**Material for the task**
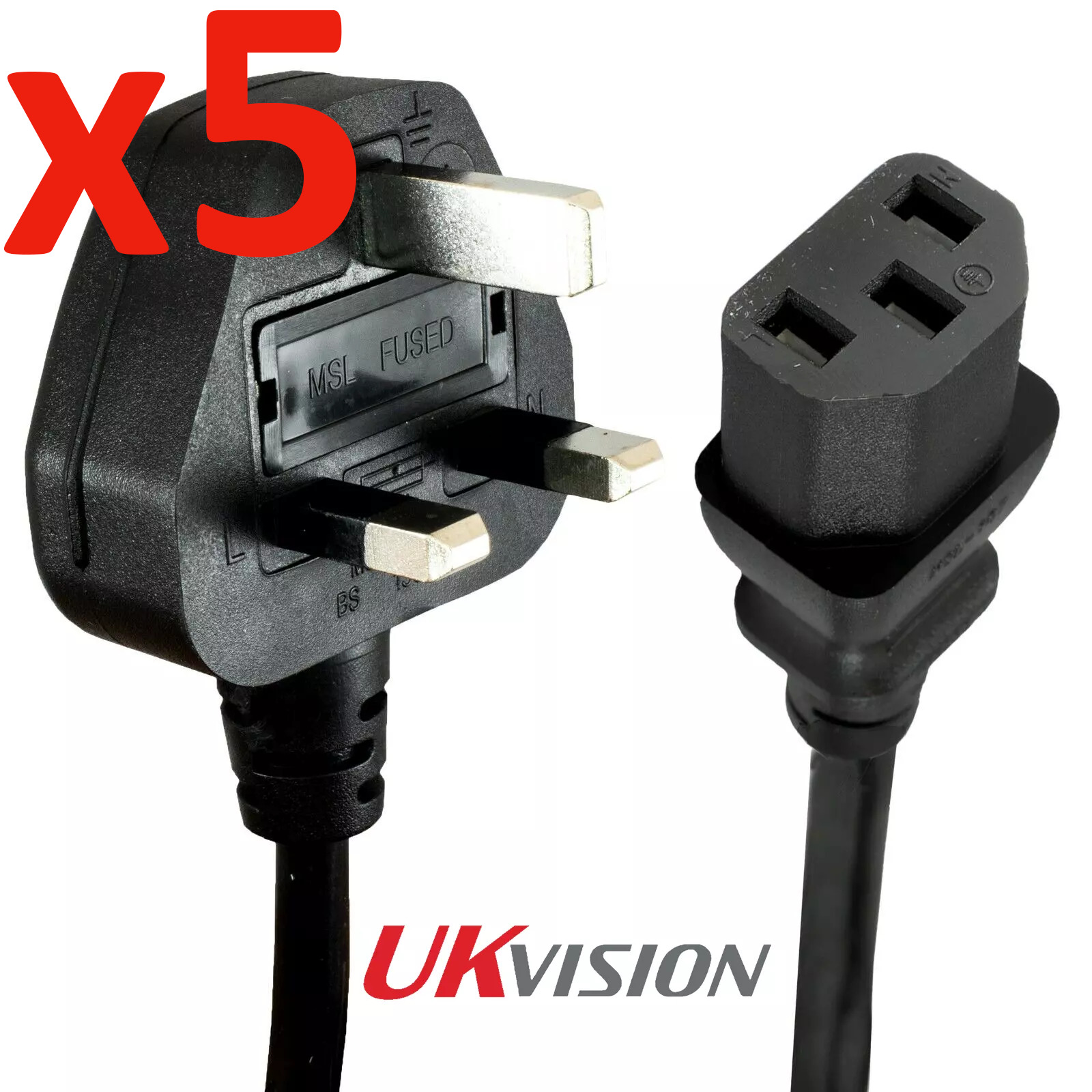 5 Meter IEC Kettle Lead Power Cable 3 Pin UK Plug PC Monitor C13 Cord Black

==

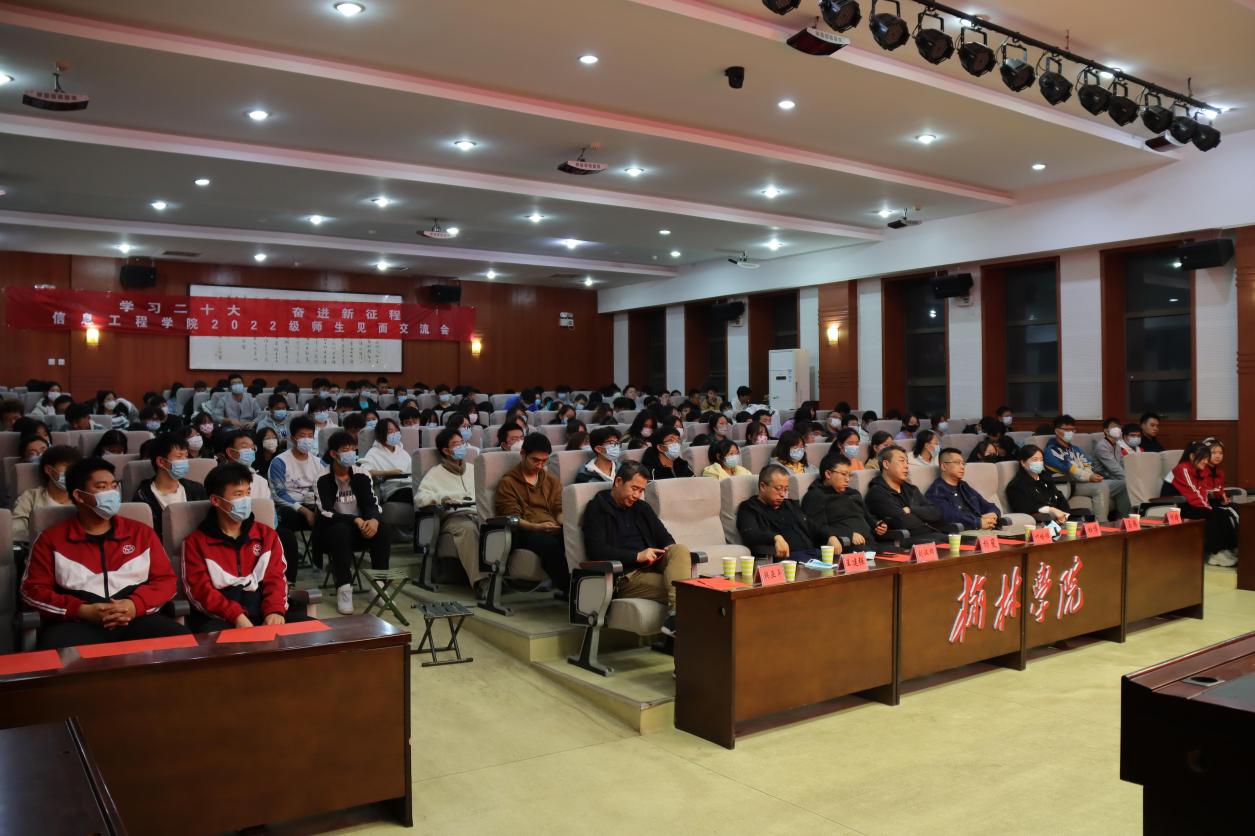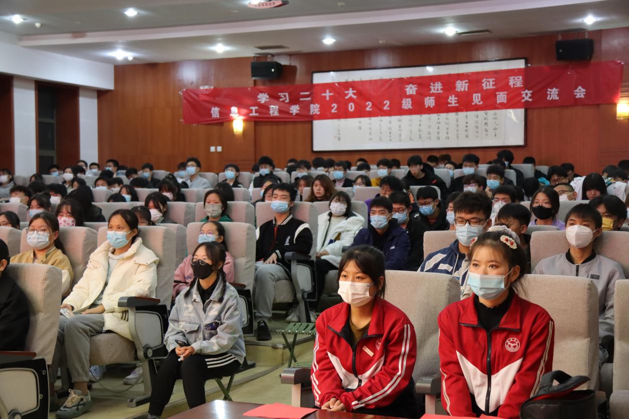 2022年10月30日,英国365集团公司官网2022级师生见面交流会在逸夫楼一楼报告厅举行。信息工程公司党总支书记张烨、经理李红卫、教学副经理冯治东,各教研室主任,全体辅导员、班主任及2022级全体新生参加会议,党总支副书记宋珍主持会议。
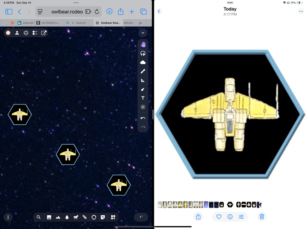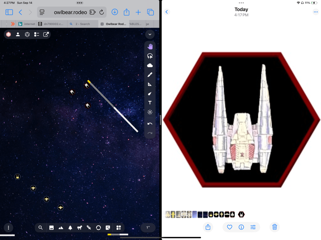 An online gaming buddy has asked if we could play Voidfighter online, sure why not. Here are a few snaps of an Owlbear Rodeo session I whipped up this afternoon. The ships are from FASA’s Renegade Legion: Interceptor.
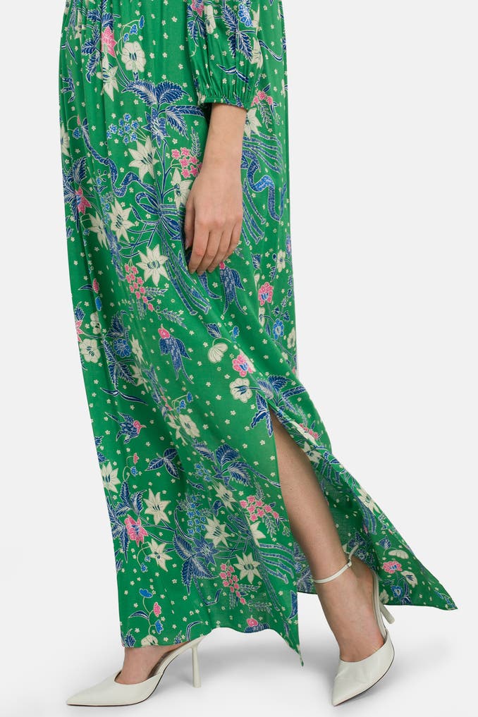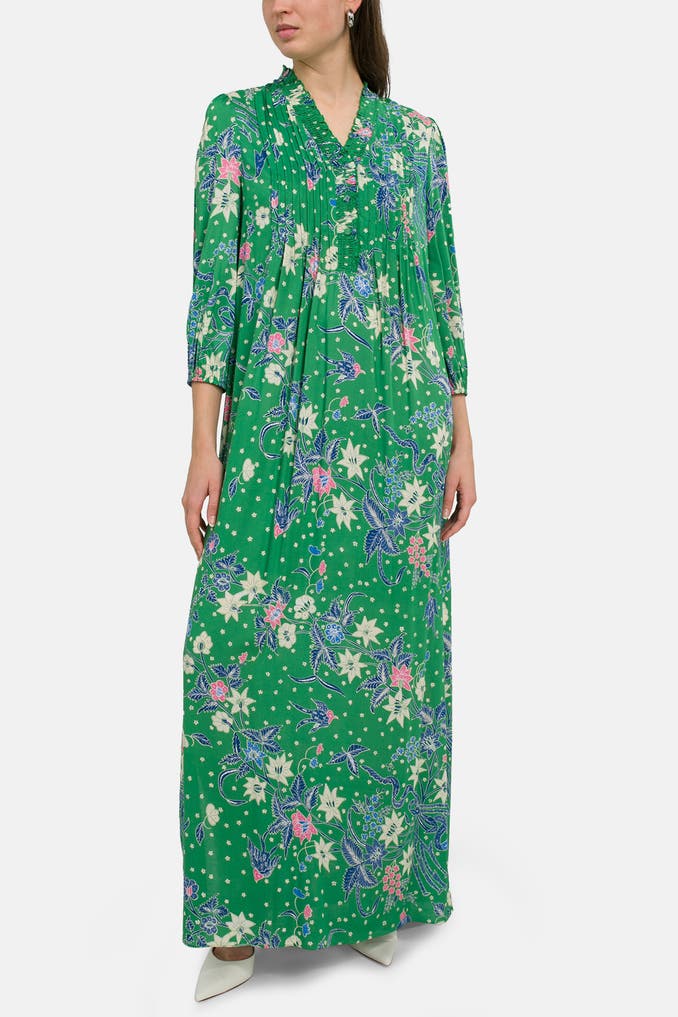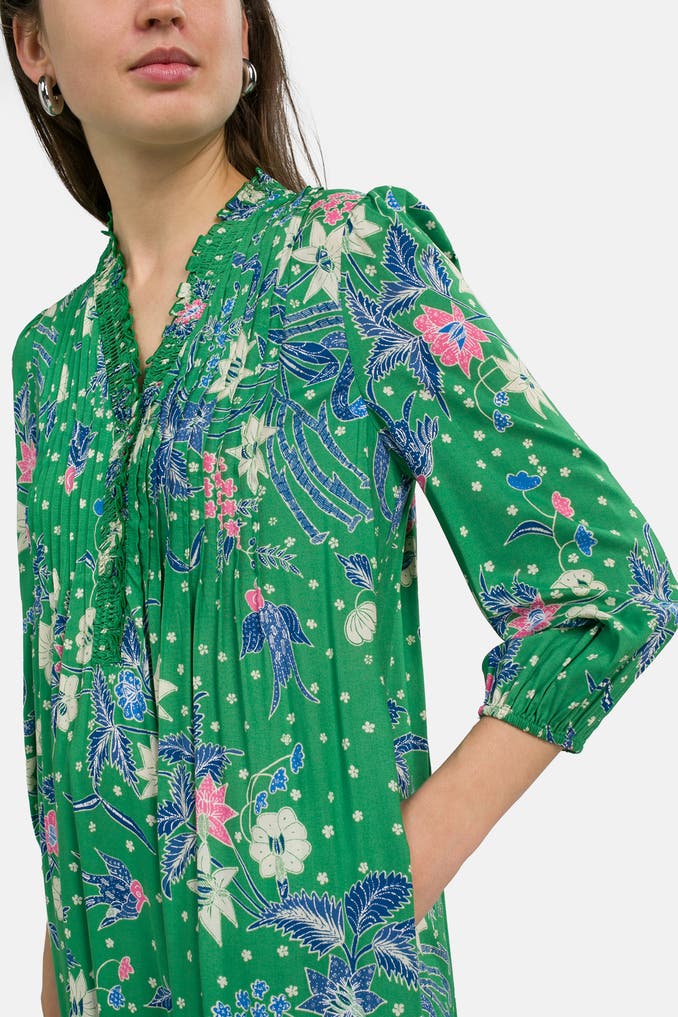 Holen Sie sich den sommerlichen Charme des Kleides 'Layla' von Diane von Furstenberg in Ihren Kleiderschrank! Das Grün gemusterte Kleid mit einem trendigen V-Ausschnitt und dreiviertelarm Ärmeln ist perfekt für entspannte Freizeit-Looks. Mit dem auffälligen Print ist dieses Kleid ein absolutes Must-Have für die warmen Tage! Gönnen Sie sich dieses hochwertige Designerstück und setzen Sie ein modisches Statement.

**Task item**
When copying from the data above, begin at the line containing "2022年10月30日,英国" and end at the line containing "Holen Sie sich"; return those lines exactly and leave all pictures behind.

**Output for this exercise**
 2022年10月30日,英国365集团公司官网2022级师生见面交流会在逸夫楼一楼报告厅举行。信息工程公司党总支书记张烨、经理李红卫、教学副经理冯治东,各教研室主任,全体辅导员、班主任及2022级全体新生参加会议,党总支副书记宋珍主持会议。
 An online gaming buddy has asked if we could play Voidfighter online, sure why not. Here are a few snaps of an Owlbear Rodeo session I whipped up this afternoon. The ships are from FASA’s Renegade Legion: Interceptor.
 Holen Sie sich den sommerlichen Charme des Kleides 'Layla' von Diane von Furstenberg in Ihren Kleiderschrank! Das Grün gemusterte Kleid mit einem trendigen V-Ausschnitt und dreiviertelarm Ärmeln ist perfekt für entspannte Freizeit-Looks. Mit dem auffälligen Print ist dieses Kleid ein absolutes Must-Have für die warmen Tage! Gönnen Sie sich dieses hochwertige Designerstück und setzen Sie ein modisches Statement.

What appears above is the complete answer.